There is nothing simple about Cairo. Layers of civilisation, pockets of antiquity next to yesterday's treasure, new surrounded by old, forgotten surrounded by barely imagined, Cairo is complex beyond simple understanding. Max Rodenbeck's book, Cairo The City Victorious, is the best book I've ever read about this city, and one of the very few to truly touch on the complexity of this wonderful place.

One of the oddities of Cairo is the City of the Dead. This is an enormous area to the east of the old city of Cairo where the Mamelukes began burying their dead in what was then the desert. It contains everything from simple mausoleums still used by modern families from Cairo to mosques and palaces built almost a thousand years ago. Oddly enough it also contains the homes of many less wealthy Cairenes who have gradually moved into unused tombs and turned them into villages among the tombs. There is life in the City of the Dead.

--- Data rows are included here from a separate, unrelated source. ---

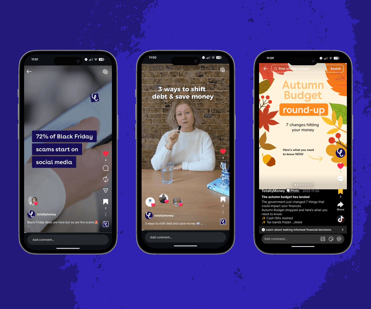 After a six-month pause in organic social activity, TotallyMoney needed to re-establish its presence on Instagram and TikTok. The aim was to relaunch social in a way that felt confident and consistent, rebuilt trust with our audience, and supported the top of the funnel.
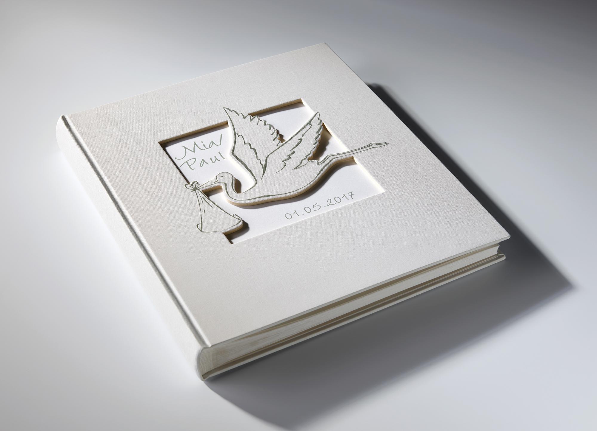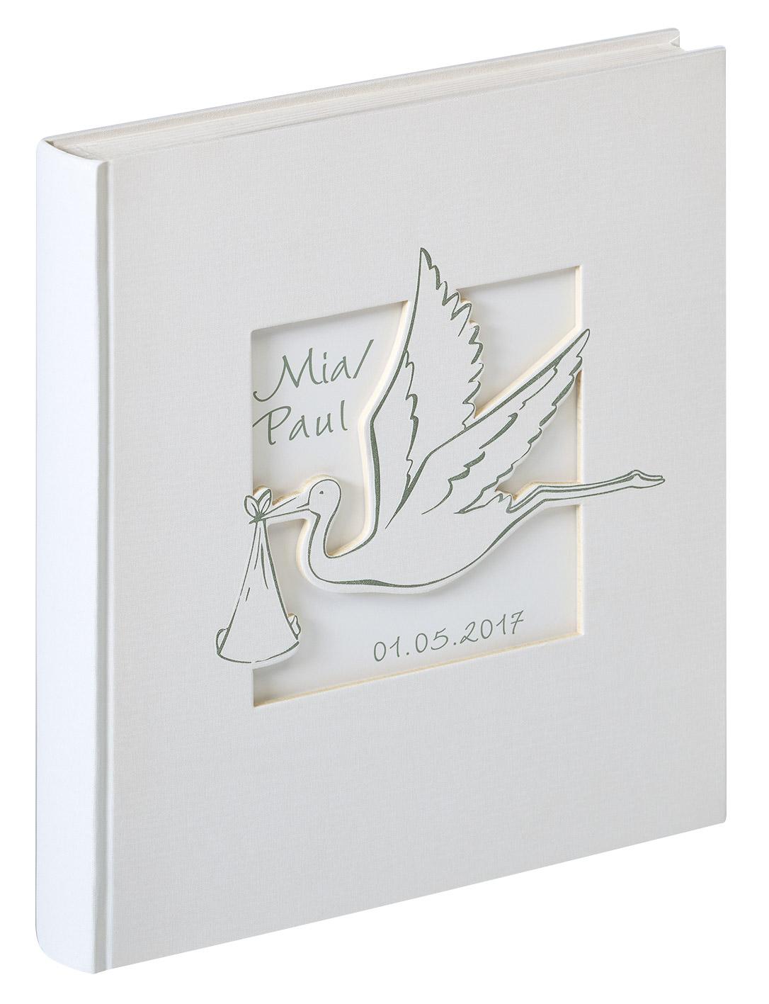 Hat der Storch einen der wunderbarsten Menschen der Welt gebracht? Herzlichen Glückwunsch! Feiere dein Glück, indem du alle süßen Babyfotos in diesem großartigen Album sammelst! Das Album ist weiß mit einer Bildöffnung auf der Vorderseite, die mit einem Storch verziert ist, der ein Knotentuch trägt. Im Inneren des Albums bieten 50 weiße Seiten Platz für deine persönlichen Collagen.
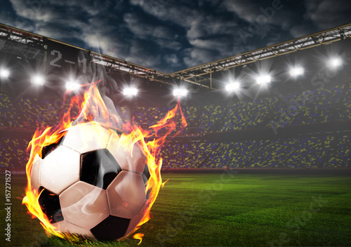 Soccer Or Football Ball On Fire At Stadium Buy This Stock Photo
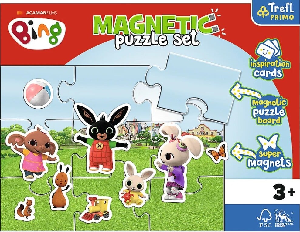 Puzzle zo série Trefl Primo predstavujú Funny World of Bing. Puzzle trénuje koncentráciu, zlepšuje manuálne zručnosti a zrakové vnímanie. Podporuje tiež rozširovanie vedomostí o okolitom svete. Ide o kreatívnu súpravu na hranie s magnetkami pre najmenšie deti. Možnosť aranžovania scén rozvíja kreativitu, samostatnosť a predstavivosť dieťaťa. Sada obsahuje aj karty s inšpiráciou na pretvorenie scén.
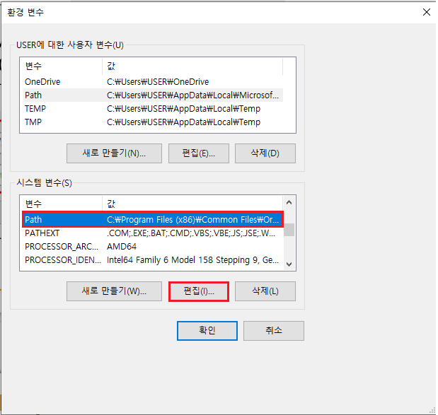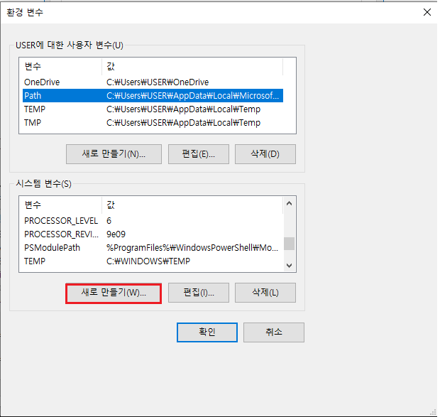 [환경변수 창 설정]

Thursday, February 8, 2007

Circling Closer To The City




From the extraordinary bareness of the Sahara, which is the image that many people carry subconsciously of Egypt, the lushness of the Nile Valley is a shock. Even without the yearly inundation the Nile Valley has to be one of the most fertile areas in the world. Most of the farming is done by hand, with fields usually being plowed by one of the local villagers who rents his tractor out to do the job by the hour. I was out riding one day and ran across a few of my neighbours who were plowing their field with an old wooden plow drawn by a couple of cows. This is not a common sight and I snapped the shot with my Nokia 6630 since I'd left my camera back at the house. One of the extraordinary things about Egypt is that most of the fruits and vegetables needed to feed our roughly 75 million people are produced by the hand labour of the Nile Valley farmers. There are some larger holdings in the reclaimed areas that can sustain more mechanised farming, but near Cairo the work is all done by hand.

Wednesday, February 7, 2007

The Logical Starting Point



Say "Cairo" or "Egypt" and the first thing people think of is the desert with a pyramid. So let's start with the stereotype. Why not? This is a random sarcophagus lying in the sand near the Step Pyramid at Sakkara. In the distance are the pyramids of Abu Sir, just down the street from my farm, and on the right you can see the sharp line marking the edge of the Nile Valley and the Sahara Desert.